İKİNCİ’NİN AÇIKLAMASI
Birçok üründe hatta ilaç sanayinde dahil İslama göre haram olan ürünlerin domuz, alkol ve türünden olanlar, GDO içerikli ürünler kullanıldığı belirtildiğini dile getiren İkinci, “Yurt dışından ithal edilen birçok katkı maddesinin helal olamayan içerikler taşıdığı belirtilmektedir. Marketlerde kullandığımız ürünlerin katkı maddelerinde az da olsa alkol veya İslama göre haram olan ürünlerin kullanıldığı belirtilmektedir. Özellikle İslama göre haram olan hayvanlardan elde edilen katkı maddelerinin kapsüllü ilaç sanayinde ve hazır ürünlerde kullanıldığı belirtiliyor. Birçok üründe tatlandırıcı, renklendirici, kıvam artırıcı, koruyucu antioksidanlar, incelticiler, mayalandırıcılar, yapısı değiştirilmiş ürünler (GDO), alkol ve yan ürünleri, karmin gibi böcek ürünleri, domuzdan elde edilen mayalar, domuz jelatininden veya helal kesilmeyen hayvanlardan elde edilen kapsül ilaçların, domuz katkı maddesinden yapılan jelatin şekerleme, yoğurt, margarin, kozmetik ürünler, keklerde, meyve sularında, peynirlerde, dondurmada, pastalarda, sakızda kullanıldığı görülmektedir. Ürünlerde ne kullanıldığını bilmiyoruz. Paket üzerine yazılan “E” kodların ne içerdiğini bilmiyoruz. Yurt dışından getirilen ithal yemlerle beslenmiş, helal kesilmemiş şüpheli hayvanların yedirildiği iddiaları vardır.

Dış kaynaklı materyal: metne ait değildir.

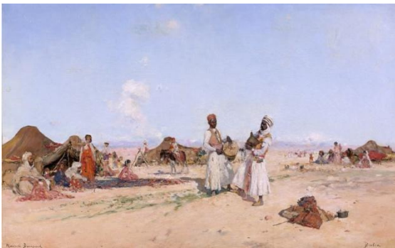
Maurice Bompard, Fête à Biskra Huile sur toile 56,40 x 90 cm Estimation : 50 000 – 70 000 € / 53 000 – 75 000 $

Les motifs architecturaux interprétés par l'artiste sont stylisés de même que le paysage. Le dessin est précis, la palette colorée restreinte, jouant des contrastes et exprimant la lumière. La composition est étagée par plans, sans utilisation de la profondeur.

Maalesef bu ürünler kanunen serbest ve ülkemizde kullanılmaya çalışılıyor. 7 den 70’e hastaların hızla yayıldığı ülkemizde, bu ürünlere tedbir alması gerekenlere ÖĞ-DER olarak çağrı yapıyoruz. 3-5 büyük şirketin insafına memleketin geleceği terkedilmemelidir. Helal sertifikası daha etkin hale getirilmelidir.
Bütün işlenmiş gıdalar, Helal ve temiz olmalıdır. Namaz, oruç, hac, zekat nasıl islama göre farz ise helal gıda yani helal ürünlerle beslenme de öyle farzdır. Her Müslüman helalle beslenmek zorundadır. Müslüman her bulduğunu yiyemez. Marketlerden aldığımız ürünlerde seçici olmak zorundayız. Gıda, tarım ev hayvancılık bakanlığının Avrupa’dan ithal edip yürürlüğe koyduğu Gıda kodeksi İslamın helal beslenme esaslarına aykırı ürünleri serbest kılmaktadır. Sağlıklı, hijyen ve kaliteli Helal gıda standardına biran evvel ulaşmamız gerekir.
Bu gün yediğimiz ve içtiklerimiz konusunda büyük şüpheler duymaktayız. Halkın kahir ekseriyeti Müslüman olan ülkemizde şüpheli ürünler farklı ad ve kodlarla saklanarak milletimize yedirilmemesine müsaade edilmemelidir. Kanserden ölenlerin sayısı terörden ölenlerden daha çoktur. Terörle mücadele edildiği gibi Gıda terörü ile de ilgilenilmelidir. Musevilerin “Kosher Food” sertifikası ile kendilerince yasak olan ürünleri seçtiği gibi Müslümanlarından dinlerince yasak ürünleri yememesi gerekir. Devletimiz denetimi artırmalı. Helal sertifikası yaygınlaştırılmalı hatta zorunlu hale gelmelidir. Paketin üzerine sahte “helal belgesi” koymakla ürün helal olmaz. “E” rumuzlu içerikler açıkça ne olduğu pakete yazılmalıdır. Milletimize haram ve şüpheli olan bu ürünleri yedirenler ağır ceza ile cezalandırılmalıdır. ÖĞ-DER olarak bu konunun acil olarak açığa çıkarılması ve tedbir alınması gerekir. ÖĞ-DER olarak yakında konu ile ilgili halkı bilinçlendiren bir konferansta düzenleyeceğiz.” Diye konuştu.